At this point, it goes without saying that 2020 was a year of sweeping change. The pandemic impacted virtually every aspect of life, and fundamental shifts in the political and economic environments kept the business world on its toes. For financial leaders, these shifts are likely to bring significant regulatory changes and updated disclosure requirements, especially in the realm of ESG (Environmental, Social and Governance).
As the SEC continues to release statements on upcoming regulatory changes, many financial leaders are searching for insight and guidance on getting prepared.
ESG disclosure updates
In our recent webinar, “Accounting Trends for Financial Leaders,” Jared Benedict, executive director of accounting and transaction services at MorganFranklin Consulting, and Erica Baker, managing director & partner at Vaco, explored some of the key trends and changes in the accounting space and examined how those shifts may impact financial arrangements moving forward.
Benedict focused specifically on ESG (Environment, Social and Governance) disclosures, and how financial leaders and accounting professionals may need to adjust to updated and refined requirements in the near future.
Some of the key expectations for financial leaders include the creation of a sustainability standards center, which will work with the SEC to develop criteria to require standardized reporting on climate-related items.
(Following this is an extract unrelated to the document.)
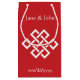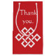 Geschenke für Ihre Begleiter, Trauzeugen, Familie und alle anderen, die etwas Besonderes verdienen in diesen Geschenktaschen, perfekt für jede Hochzeit oder Veranstaltung. Die Vorderseite dieser kirschroten Tasche ist mit einem weißen chinesischen viel Glück-Knoten und einem einfachen "Danke." geschmückt. Die Rückseite hat einen passenden viel Glück-Knoten und Beispieltext, den Sie an die Details Ihres speziellen Tages anpassen können. Vergewissern Sie sich, dass Sie die anderen Produkte im Chinesischen Stil in Cherry Set ausprobieren, um einen wirklich koordinierten Look für Ihre Veranstaltung zu schaffen.
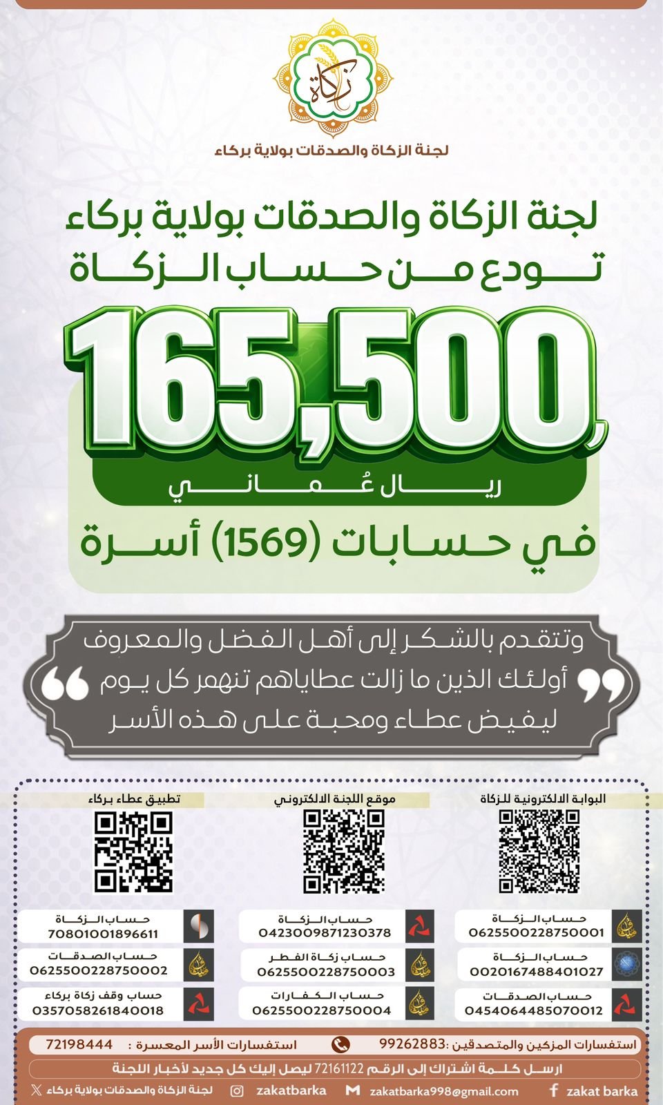 أودعت لجنة الزكاة والصدقات بولاية بركاء مبلغًا قدره 165 ألفًا و500 ريال عُماني في حسابات 1569 أسرة مستحقة، وذلك ضمن جهودها المتواصلة لدعم الأسر ذات الدخل المحدود خلال شهر رمضان المبارك.

As reporting becomes required, accounting teams will need to capture additional information and make sure that information is standardized and repeatable.
Additionally, Benedict explained recent updates to Regulation S-K, specifically section 101, which requires companies to now disclose material information regarding the development of their business, human capital resources, and any employer rewards (paid time off, flexibility of hours, flexibility of work location, etc.) as they relate to the material understanding of the business.
“This is going to be a fairly global change as it relates to disclosures and could require companies to put together a lot of policies that, maybe historically, have not really been considered,” Benedict said of the updates.
During the webinar, nearly 300 finance and accounting leaders shared how their companies were addressing the changes to ESG requirements:
SPAC regulation updates on the horizon
Special purpose acquisition companies (SPACs) also took center stage in the webinar conversation, as more companies are going public through SPAC transactions than ever before. With so much action in the SPAC space, the SEC has set its sights on updating regulations for these transactions.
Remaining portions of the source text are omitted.